Ma non c’era solo la Lega a condizionare: al Sud, il centro-destra non è stato mai capace di arginare, anzi non ci ha mai provato, le spinte, spesso più reazionarie che revisioniste, che rimettono in discussione l’Unità, favoleggiando di perdute età dell’oro e sognando impossibili revanscismi.

E così non solo il centro-destra ha perso un’occasione per definire il proprio profilo culturale; ma ha finito per regalare la Patria a chi aveva bandito questa parola dal proprio vocabolario, perché erede di culture – come quelle comunista e cattolica – che il Risorgimento non l’avevano mai digerito: ed esattamente per la ragione per la quale il centro-destra avrebbe dovuto difenderlo. Ossia, che quel processo era stato il frutto di una classe dirigente borghese capace di visione, volontà e capacità di darvi attuazione, nel solco di una cultura sostanzialmente liberale e democratica.

E dunque la conclusione delle celebrazioni lascia, in fondo, ancora aperta la questione, decisiva, delle culture alle quali vogliono fare riferimento i grandi partiti: ammesso che di una cultura ritengano di aver bisogno, senza accontentarsi di inseguire sondaggi e proteggere potentati.
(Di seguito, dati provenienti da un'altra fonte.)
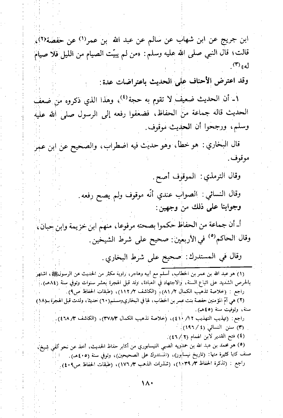 ابن جريج عن ابن شهاب عن سالم عن عبد الله بن عمر (¬1) عن حفصة (¬2)، قالت؛ قال النبي صلى الله عليه وسلم: "من لم يبيّت الصيام من الليل فلا صيام له" (¬3).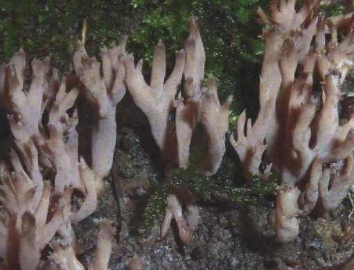 Basidiocarpos coraliformes, de hasta 50 mm de altura y 20–30 mm de anchura, con ramos ramificados de forma dispersa a densamente compacta. El tronco es poco desarrollado, ramificado cerca de la base, de hasta 20 mm de alto y unos 8 mm de grosor. Las ramas principales miden 2–3 mm de diámetro en su unión con el tronco, y sus ápices presentan un par de pequeñas puntas agudas o algo redondeadas. El color es variable, distinto al de la forma típica: va del rosado arcilloso al castaño vinoso, llegando incluso a tonos rojizo-ocres o púrpura oscuro con la madurez. Los ápices mantienen la misma tonalidad que el resto de la fructificación. La parte del pie que queda enterrada permanece mucho tiempo blanquecina. Esporada blanca. Características microscópicas similares a las de Clavulina coralloides f. coralloides. Alimentación y sustratos: Especie saprófita; crece directamente sobre el suelo, asociada a restos vegetales de hojas y madera en descomposición. Prefiere terrenos húmedos y ricos en materia orgánica, generalmente en zonas algo sombreadas o con musgos.
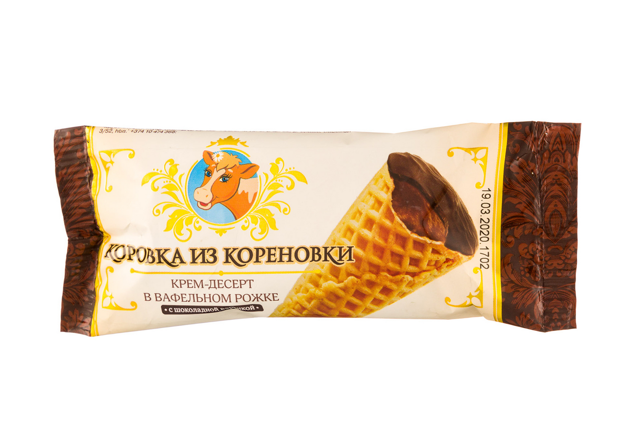 Собираетесь выпить чашечку чая или кофе? Не забудьте про крем-десерт Коровка из Кореновки! Крем-десерт с нежнейшей начинкой с вареным молоком и какао. Нежное лакомство в хрустящем вафельном рожке с начинкой из вареного сгущенного молока и сгущенных сливок собственного производства не оставит равнодушным ни одного сладкоежку. Начинка производится из сгущенного молока и сливок собственного производства. Высоко барьерная упаковка флоупак сохраняет свежесть и вкус продукта.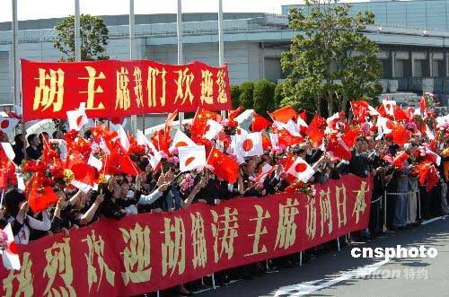 當?shù)貢r間5月6日下午1點45分左右,中國國家主席胡錦濤乘專機抵達日本羽田機場,開始對其為期5天的國事訪問。圖為240多名在日華僑華人趕到機場熱烈歡迎胡主席的到來。中新社發(fā) 朱沿華 攝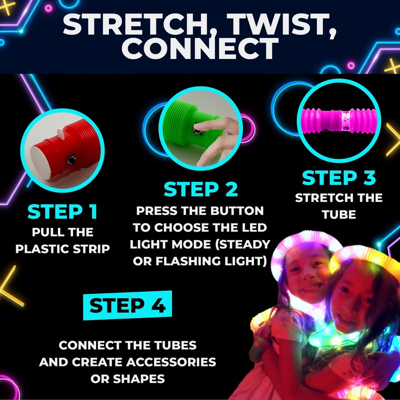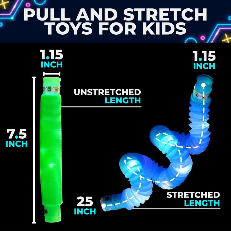 - Set of 24 Pop Tubes: Colorful pop tubes, with 6 vibrant colors (red, pink, orange, yellow, green and blue) to suit everyone's taste. Each tube measures 7.5 inches and can stretch up to 25 inches. Bring tons of fun and joy to your Neon Party with this light up toy set.
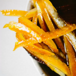 Bring a saucepan of water to boil then add the orange peels to the pot. Simmer for 30 seconds. Drain then run the peels under cold water.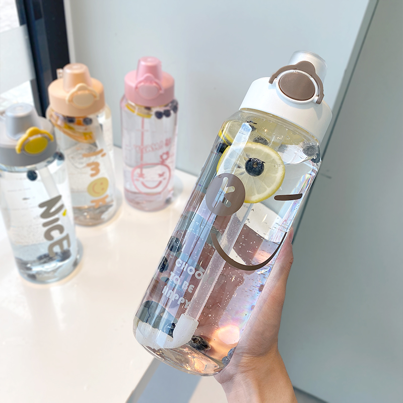 Simple and cute large-capacity plastic cup female students summer sports water cup with straw portable fitness cup takeaway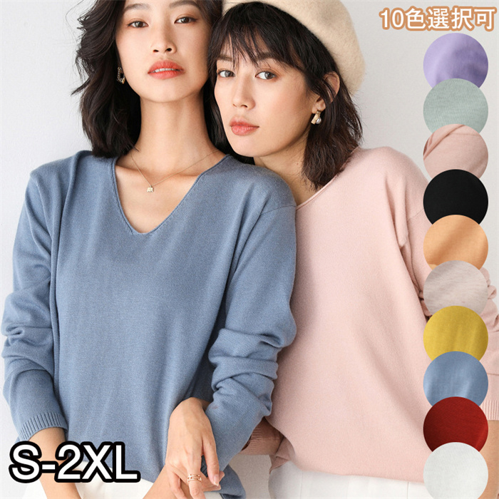 ブラウス トップス レディース Vネック Uネック カットソー 10色展開 S-2XLレディースファッション トップス シャツ ブラウス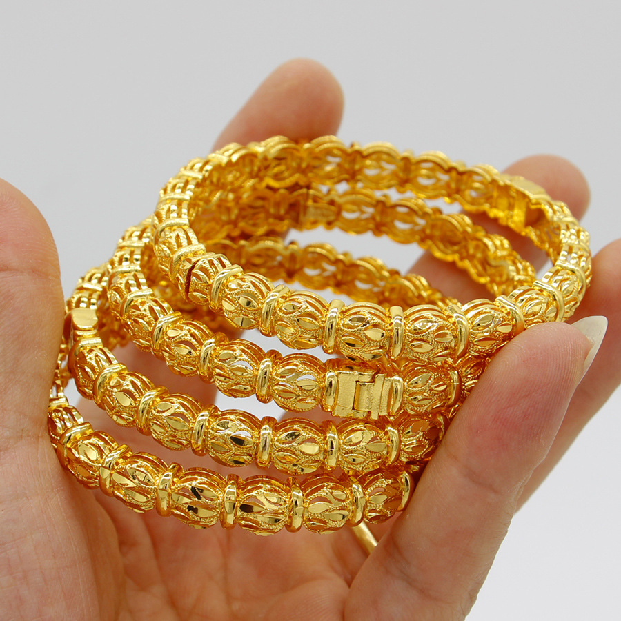 Middle East Cross Border One 24K Gold Plated Opening Hollow Bracelet Dubai Women Bride Wedding Jewelry
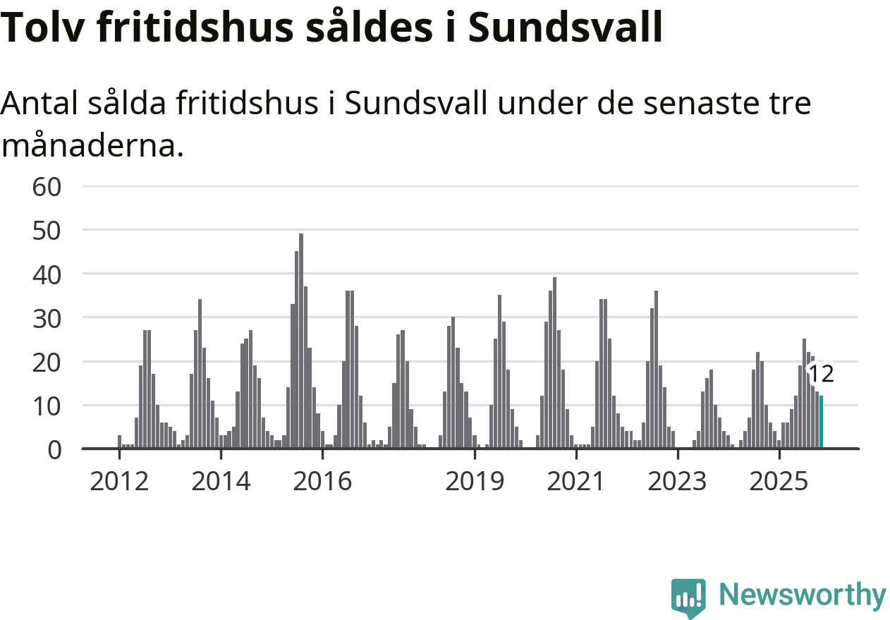 Graf: Antal sålda fritidshus i Sundsvalls kommun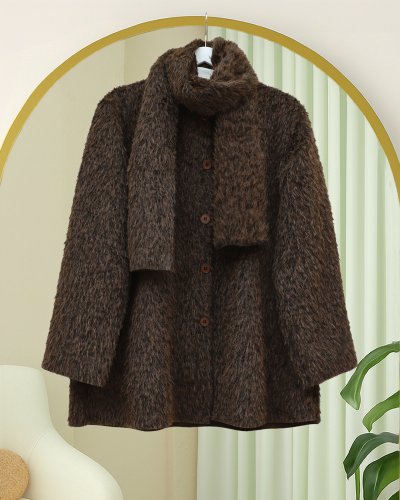 • Atkı Detaylı Önü Düğmeli Sakallı Ceket Kahve

L’altra questione sollevata da Amato nella sua intervista a “Repubblica” è l’interrogativo se siano le emergenze a unificare l’Italia: per cui, anche il governo Monti sarebbe il frutto di una (parziale) union sacrée resa possibile anche dal clima di riacquisita solidarietà nazionale (senza riferimenti a passate, e non fortunate, formule politiche).